The core optimization challenge in archetypal analysis is to minimize the reconstruction error between the dataset \(X\) and its approximation \(ABX\), formally expressed as:

\[\min_{A, B} \|X - ABX\|^2_F\]

subject to constraints for both \(A\) and \(B\) that ensure the convexity of the combinations, with \(B_{ij} \geq 0\) for all elements to guarantee non-negativity, and \(\sum_{j} B_{ij} = 1\) for all \(i\), ensuring that the coefficients for each data point sum to one. Similarly, constraints are applied to \(A\) to ensure its columns can be interpreted as mixtures of data points, hence \(A_{ij} \geq 0\) and \(\sum_{j} A_{ij} = 1\) for all \(i\). These constraints ensure that each data point in \(X\) is represented as a convex combination of archetypes, making the solution interpretable and reflective of the underlying structure of the dataset.

The original algorithm proposed by Cutler and Breiman is based on the idea of solving alternating interative least square problems. Namely, the algorithm operates iteratively, alternating between two main steps: updating coefficients B for a fixed set of archetypes \(A\), and then updating \(A\) given \(B\). Initially, \(A\) is populated with randomly selected data points. In each iteration, \(B\) is updated to represent each data point as a convex combination of the current archetypes, and then \(A\) is updated to better fit the data points based on the new coefficients. The process iterates until the change in \(A\) between iterations, measured using the Frobenius norm \(\|A_{new} - A_{old}\|_F\), falls below a predefined convergence threshold, or a maximum number of iterations is reached.
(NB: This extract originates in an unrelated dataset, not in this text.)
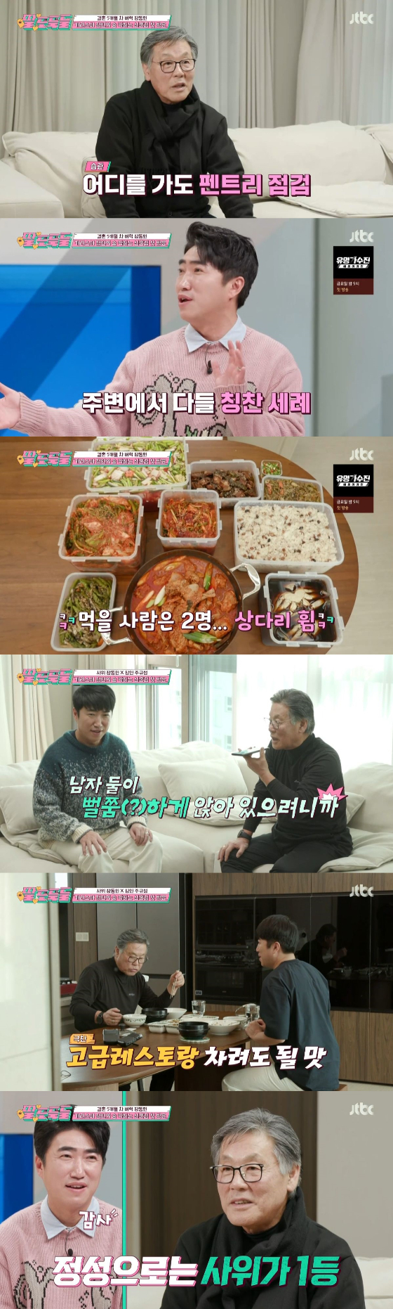 이어 장동민은 음식을 가득 싸준 장모님께 전화를 걸어 감사 인사를 전했다. 주규성은 "자네가 왔어야 했다"며 "남자 둘이 뻘쭘하게 앉아 있으니까 답답하다"고 심경을 토로했다. 이후 장동민은 당뇨가 있는 주규성을 위해 굴국, 시금치 샐러드, 솥 밥을 만들었다. 이에 주규성은 "고급 레스토랑 차려도 되겠다"라며 극찬했다.

Let us first define some convenience function:

# Some code was taken/adapted from the amazing implementation in
# https://github.com/aleixalcacer/archetypes

import numpy as np
from scipy.optimize import nnls


def frobenius_norm_difference(M1, M2):
    """Compute the Frobenius norm of the difference between two matrices."""
    return np.linalg.norm(M1 - M2, 'fro')

def initialize_archetypes(X, k):
    """Randomly initialize archetypes."""
    
    # For A and B we just sample from a dirichlet distribution
    B = np.random.dirichlet(np.ones(X.shape[0]), k)
    A = np.random.dirichlet(np.ones(k), X.shape[0])
    
    return A, B

def optimize_nnls(M1,M2):
    
    # Add some constants to enforce the convexity of the final matrix
    M1 = np.pad(M1, ((0, 0), (0, 1)), "constant", constant_values=20)
    M2 = np.pad(M2, ((0, 0), (0, 1)), "constant", constant_values=20)
    res = np.empty((M1.shape[0], M2.shape[0]))
    
    # Solve the actual non-negative least square problem
    for j in range(res.T.shape[1]):
        res.T[:, j], _ = nnls(M2.T, M1.T[:, j])
    
    # Check convexity + remove nans
    res /= res.sum(1)[:, None]
    res[np.isnan(res)] = 1 / res.shape[1]
    return res

def update_archetypes(X, H):
    """Update archetypes Z for fixed coefficients."""
    return optimize_nnls(H,X)

def update_weights(X, H):
    """Update coefficients A for fixed archetypes"""
    return  optimize_nnls(X,H)

We then run the training loop and have a look at the results. For this example we choose a toy dataset of body measuremnts for 3 different species of penguins.

# code a function that performs archetypal analysis
def archetypal_analysis(X, k, max_iter=30, tol=1e-3):
    """Perform archetypal analysis."""
    A, B = initialize_archetypes(X, k)
    H = B @ X
    loss_old = None
    for _ in range(max_iter):
        A = update_weights(X, H)
        H = np.linalg.pinv(A) @ X
        B = update_archetypes(X, H)
        H = B @ X
        loss = frobenius_norm_difference(X, A @ H)
        if loss_old is not None and loss_old - loss < tol:
            break
    return A, B

import seaborn as sns

penguins = sns.load_dataset('penguins')
penguins.head()

	species	island	bill_length_mm	bill_depth_mm	flipper_length_mm	body_mass_g	sex
0	Adelie	Torgersen	39.1	18.7	181.0	3750.0	Male
1	Adelie	Torgersen	39.5	17.4	186.0	3800.0	Female
2	Adelie	Torgersen	40.3	18.0	195.0	3250.0	Female
3	Adelie	Torgersen	NaN	NaN	NaN	NaN	NaN
4	Adelie	Torgersen	36.7	19.3	193.0	3450.0	Female

We will work with just 2 dimensions as it’s easier to understand what is happening, but of course AA can be extended to inputs of arbitraty dimensions.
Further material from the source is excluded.